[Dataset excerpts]
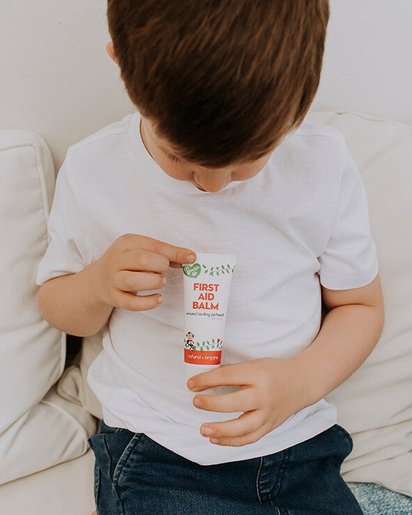 Our customers LOVE our First Aid Balm. We believe it’s the best First Aid Balm for babies, toddlers and big kids. However, for serious medical injuries or skin conditions please consult your healthcare professional or doctor. For any non-medical questions or information, please drop us a line at any time, and we’re always excited to speak to our beautiful customers!
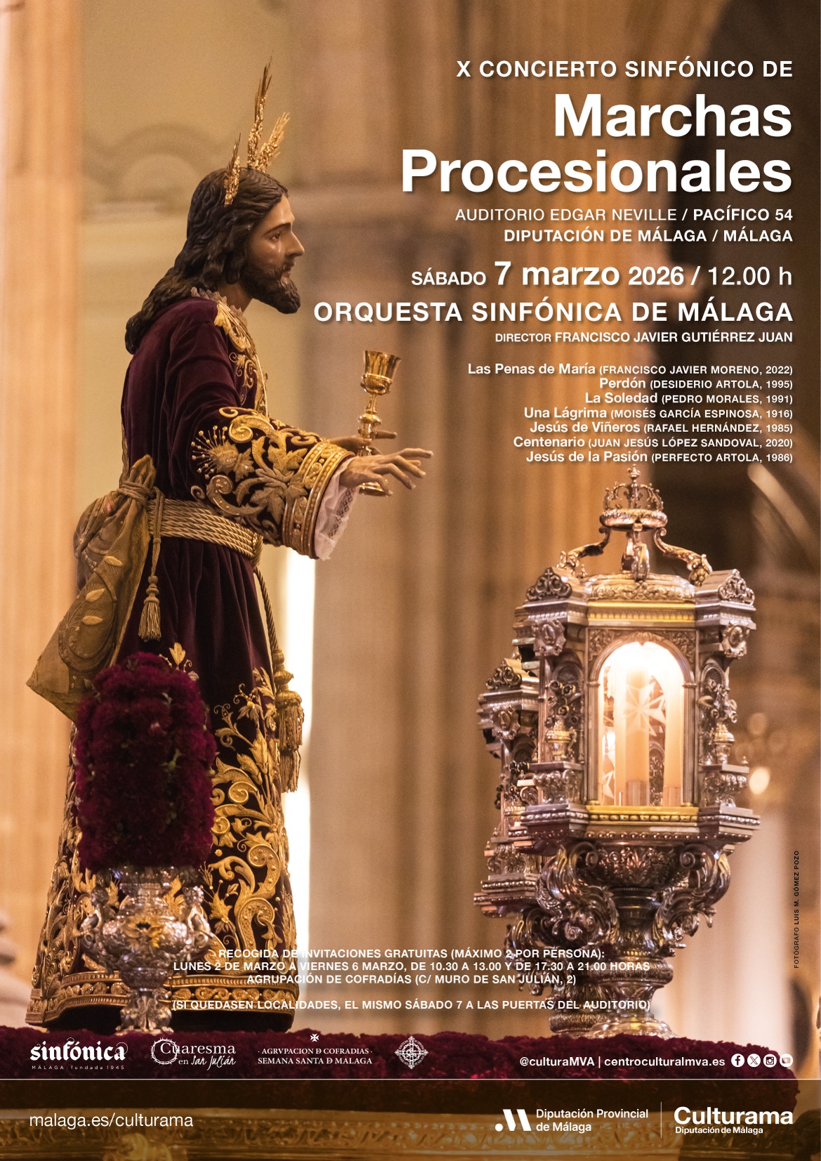 Dos días después, el sábado 7 de marzo, el Auditorio Edgar Neville acoge el X Concierto Sinfónico de Marchas Procesionales, a las 12.00 horas, también con la Orquesta Sinfónica de Málaga, en esta ocasión bajo la dirección del maestro Francisco Javier Gutiérrez Juan.
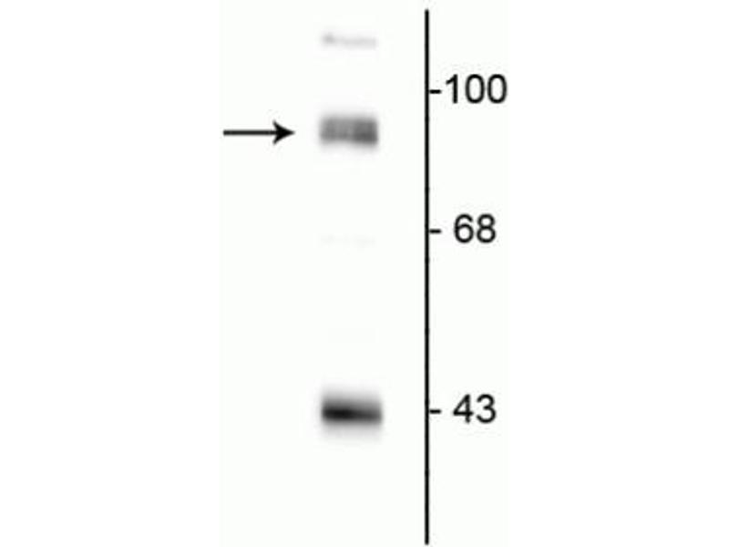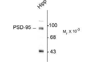 PSD-95 is a very prominent component of the postsynaptic densities of synapses. It contains three PDZ domains which play key roles in its interactions with other proteins in the synapse. It has been proposed that these PDZ domains organize glutamate receptors and their associated signaling proteins and determine the size and strength of synapses (Kim and Sheng, 2004). Recent work suggests that interaction of the NMDAR with PSD-95 via these PDZ domains can be regulated by phosphorylation (Chung et al., 2004). Anti-PSD-95 Western blot of rat hippocampal (Hipp) lysate showing specific immunolabeling of the ~95k PSD-95 protein.
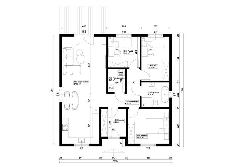 Jest to idealny projekt dla trzy lub czteroosobowej rodziny.
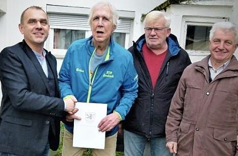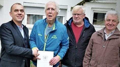 Seinen 80. Geburtstag feierte kürzlich Gerben Sipma. Der aus Holland stammende Jubilar kam 1973 in den Neuenmarkter Ortsteil See, wo er ein kleines Haus erwarb. Beruflich war Sipma in der früheren Spinnerei in Kulmbach tätig, zur Arbeit fuhr er jeden Tag und bei jedem Wetter mit dem Fahrrad. Die Holländer sind passionierte Radfahrer und von daher kommt auch seine Mitgliedschaft zum Radsportverein Concordia Zaubach, der durch Willi Sünkel und Heinrich Witzgall die Glückwünsche überbrachte. Für die Gemeinde Neuenmarkt gratulierte Zweiter Bürgermeister Alexander Wunderlich. Unser Bild zeigt (von links) Alexander Wunderlich, Gerben Sipma, Heinrich Witzgall und Willi Sünkel. Foto: Werner Reißaus
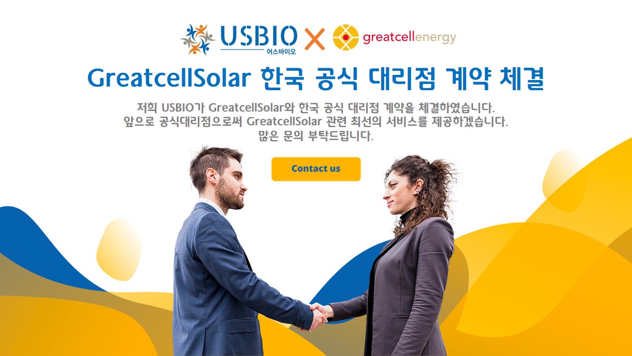 저희 어스바이오(USBIO)가 GreatcellSolar와 한국 공식 대리점 계약을 체결하였습니다.

→ YOUR GOAL
The answer must be the data above, repeated exactly, with no pictures.

→ SOLVED EXERCISE
 Our customers LOVE our First Aid Balm. We believe it’s the best First Aid Balm for babies, toddlers and big kids. However, for serious medical injuries or skin conditions please consult your healthcare professional or doctor. For any non-medical questions or information, please drop us a line at any time, and we’re always excited to speak to our beautiful customers!
 Dos días después, el sábado 7 de marzo, el Auditorio Edgar Neville acoge el X Concierto Sinfónico de Marchas Procesionales, a las 12.00 horas, también con la Orquesta Sinfónica de Málaga, en esta ocasión bajo la dirección del maestro Francisco Javier Gutiérrez Juan.
 PSD-95 is a very prominent component of the postsynaptic densities of synapses. It contains three PDZ domains which play key roles in its interactions with other proteins in the synapse. It has been proposed that these PDZ domains organize glutamate receptors and their associated signaling proteins and determine the size and strength of synapses (Kim and Sheng, 2004). Recent work suggests that interaction of the NMDAR with PSD-95 via these PDZ domains can be regulated by phosphorylation (Chung et al., 2004). Anti-PSD-95 Western blot of rat hippocampal (Hipp) lysate showing specific immunolabeling of the ~95k PSD-95 protein.
 Jest to idealny projekt dla trzy lub czteroosobowej rodziny.
 Seinen 80. Geburtstag feierte kürzlich Gerben Sipma. Der aus Holland stammende Jubilar kam 1973 in den Neuenmarkter Ortsteil See, wo er ein kleines Haus erwarb. Beruflich war Sipma in der früheren Spinnerei in Kulmbach tätig, zur Arbeit fuhr er jeden Tag und bei jedem Wetter mit dem Fahrrad. Die Holländer sind passionierte Radfahrer und von daher kommt auch seine Mitgliedschaft zum Radsportverein Concordia Zaubach, der durch Willi Sünkel und Heinrich Witzgall die Glückwünsche überbrachte. Für die Gemeinde Neuenmarkt gratulierte Zweiter Bürgermeister Alexander Wunderlich. Unser Bild zeigt (von links) Alexander Wunderlich, Gerben Sipma, Heinrich Witzgall und Willi Sünkel. Foto: Werner Reißaus
 저희 어스바이오(USBIO)가 GreatcellSolar와 한국 공식 대리점 계약을 체결하였습니다.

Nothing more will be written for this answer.